Goal of the exercise
Across the entries below, determine how many lines include the word "nodes". State only the resulting number.

Supplied data
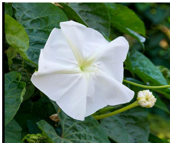
Ipomoea alba L.
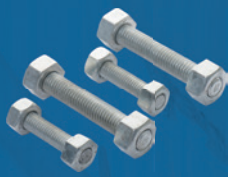
Stud bolt Electrogalvanized
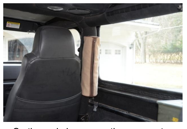
On the main hoop over the rear seat
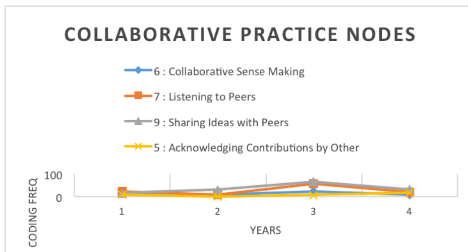
Figure 2: Summary of heavily coded nodes categorized by collaborative practice for all students by years.

Collaborative problem-solving practices. There were four heavily coded nodes for student collaborative work practices that emerged from the analyses (see Figure 2), three of which are aligned with discourse practices (e.g., Manouchehri & St. John, 2006): collaborative sense making , listening to peers , and sharing ideas .
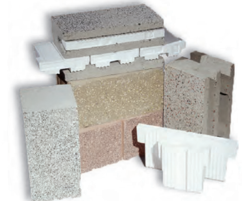
Block finish options
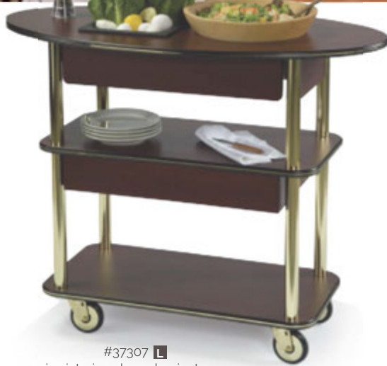
#37307 L in victorian cherry laminate
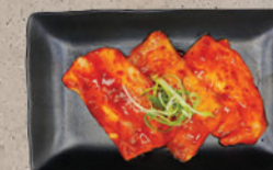
SPICY PORK CHEEK* 매운 향정살
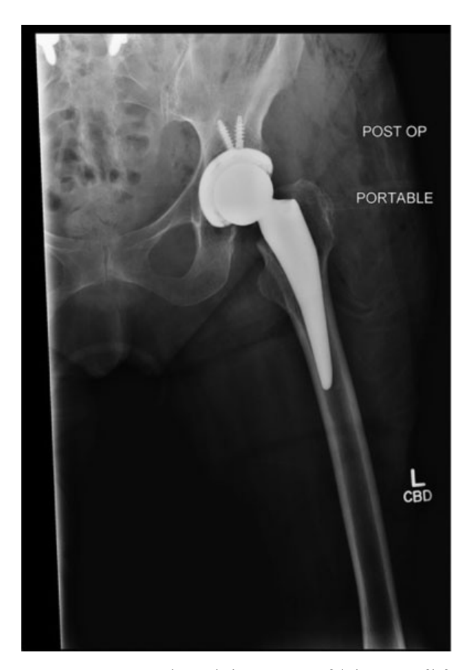
Fig. 2 Postoperative radiograph showing successful placement of left total hip arthroplasty.

the patient received one unit blood. The patient was stable immediately postoperatively.
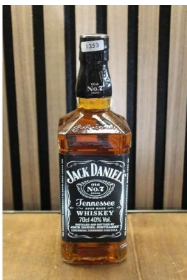
130. M - JACK DANIELS 70cl RRP £26 ( P22049466 / C )
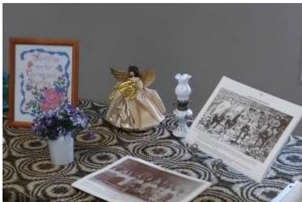
An interesting display of Family Heritage Artifacts were on display at the workshop.
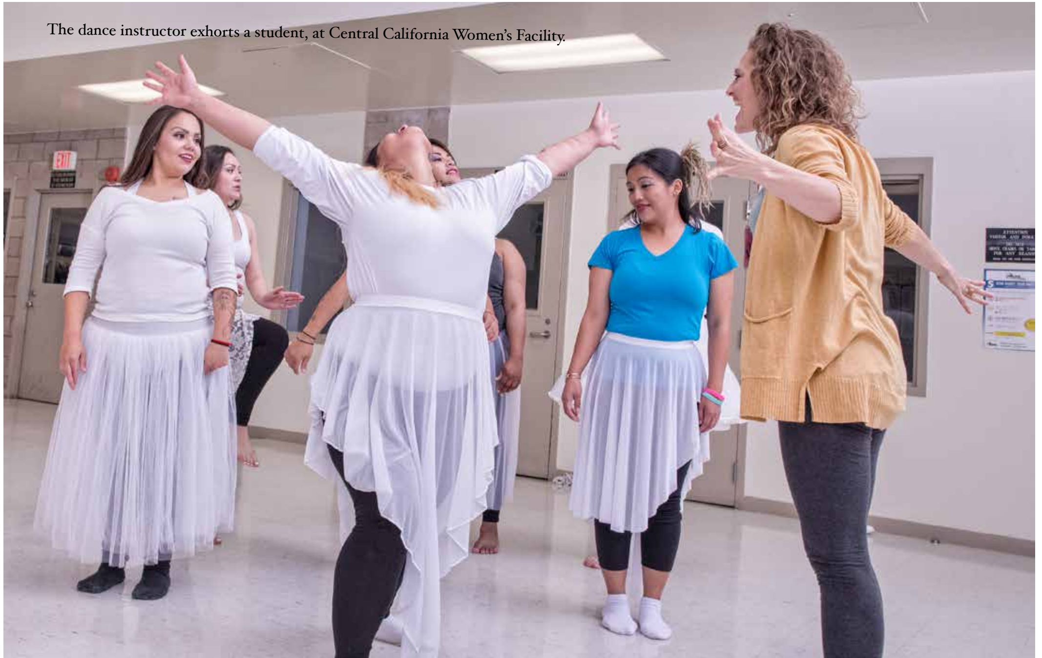
The dance instructor exhorts a student, at Central California Women's Facility.
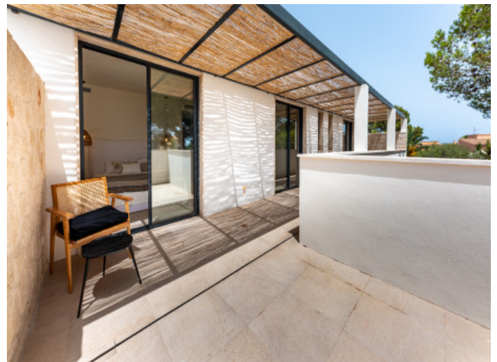
Upper floor balcony

All information is correct to the best of our knowledge. Errors and prior sale excepted. This prospectus is purely for information purposes. Only the notarized deed of sale is legally binding.
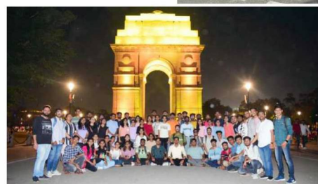
Final Year Students Visited to North India
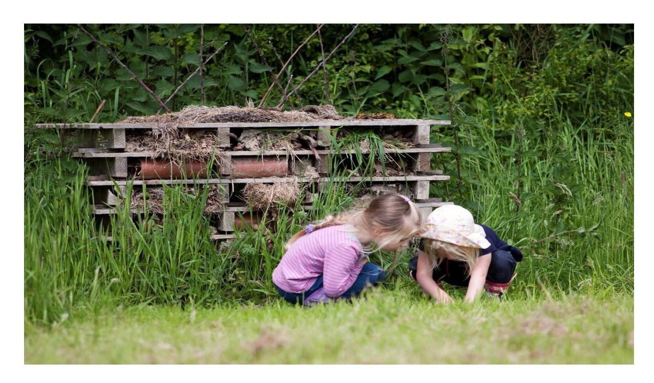
A Typical Forest School Day in the......Preschool (3-4 years)
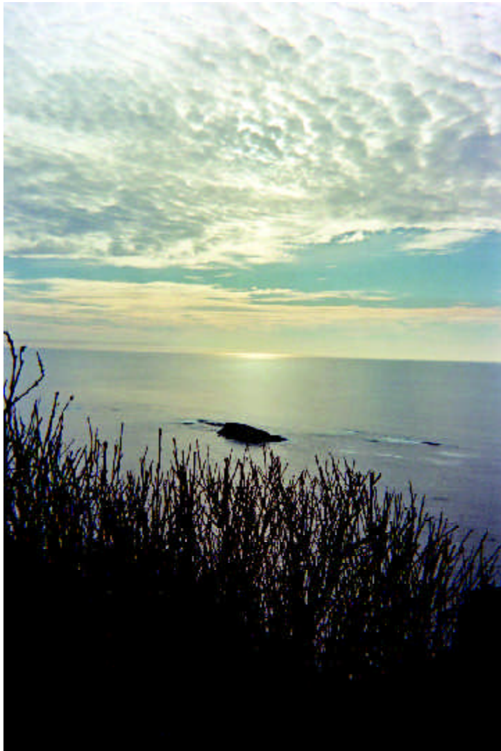
Oregon Coast, near Florence. Thanksgiving weekend.

Since I have no children & I feel a strong urge to keep up the "crazy cat lady" image, I just have to share pics of my "babies".
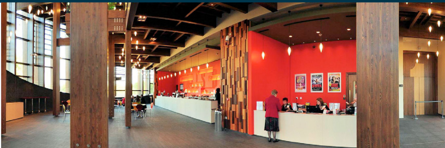
Foyer: Box Office and Waterside café.
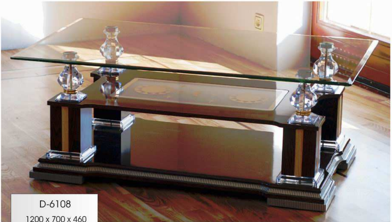
D-6108 1200 x 700 x 460
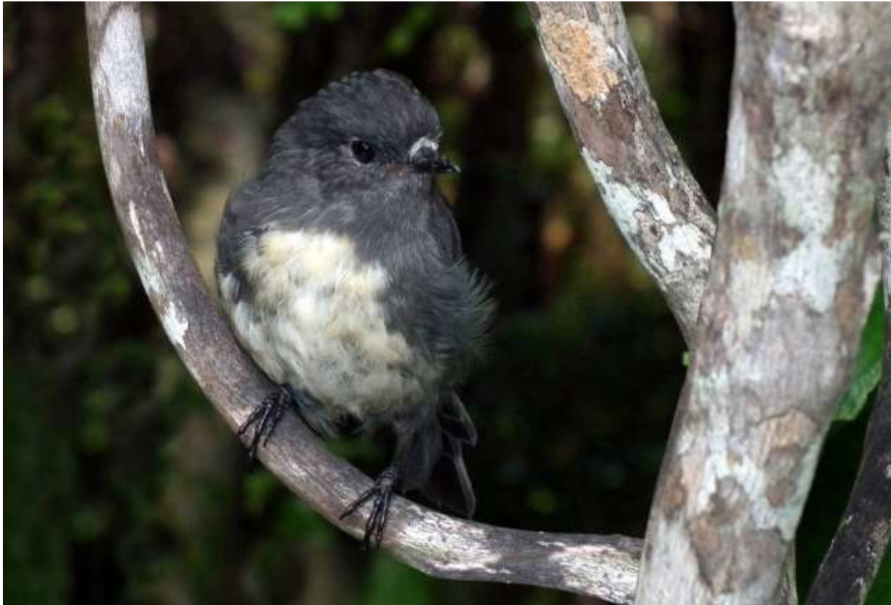
NZ Robin
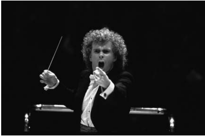
Figure 3 Simon Rattle.

In other images, however, the self-evident corporality of the conductor demonstrates something of the strenuous demands placed upon him as he dances. While the English word ‘dancing’ will for many bring with it associations of light-hearted pleasure, the conductor’s execution of his task may lead to facial expressions and postures that could be read as conveying quite different meanings (see Figures 3–5). These images, ostensibly of passion perhaps but equally valid if taken as grimaces of pain, suggest the physical discomfort experienced by the shaman as he plays out the musical tensions that he takes symbolically into his body. The sweating brow and tousled hair remind us that this is hard physical work,
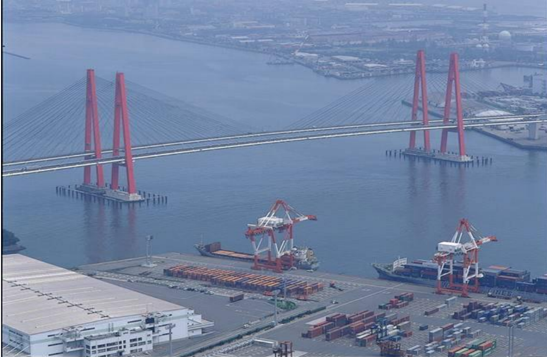
Figure 5: Visualized Lokoja, Niger and Lokoja Sea ports

environment professionals should put on their thinking caps to contribute to these emerging trends
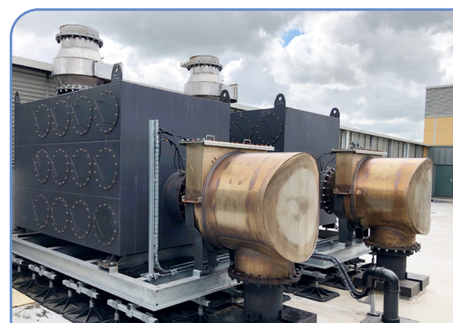
The SCRonF units brought emissions well within regulatory limits.
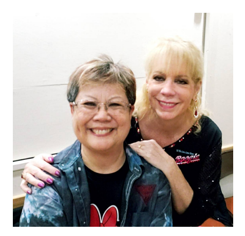
FEB 2nd GIRLS RULE!
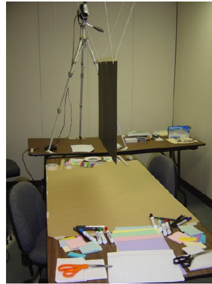
Figure 1: Study Environment

The video data was analyzed in multiple passes. We approached the video with no predefined theory or system, and made every effort to let the data guide the analysis. A custom application was developed to support variable

Response to the task
2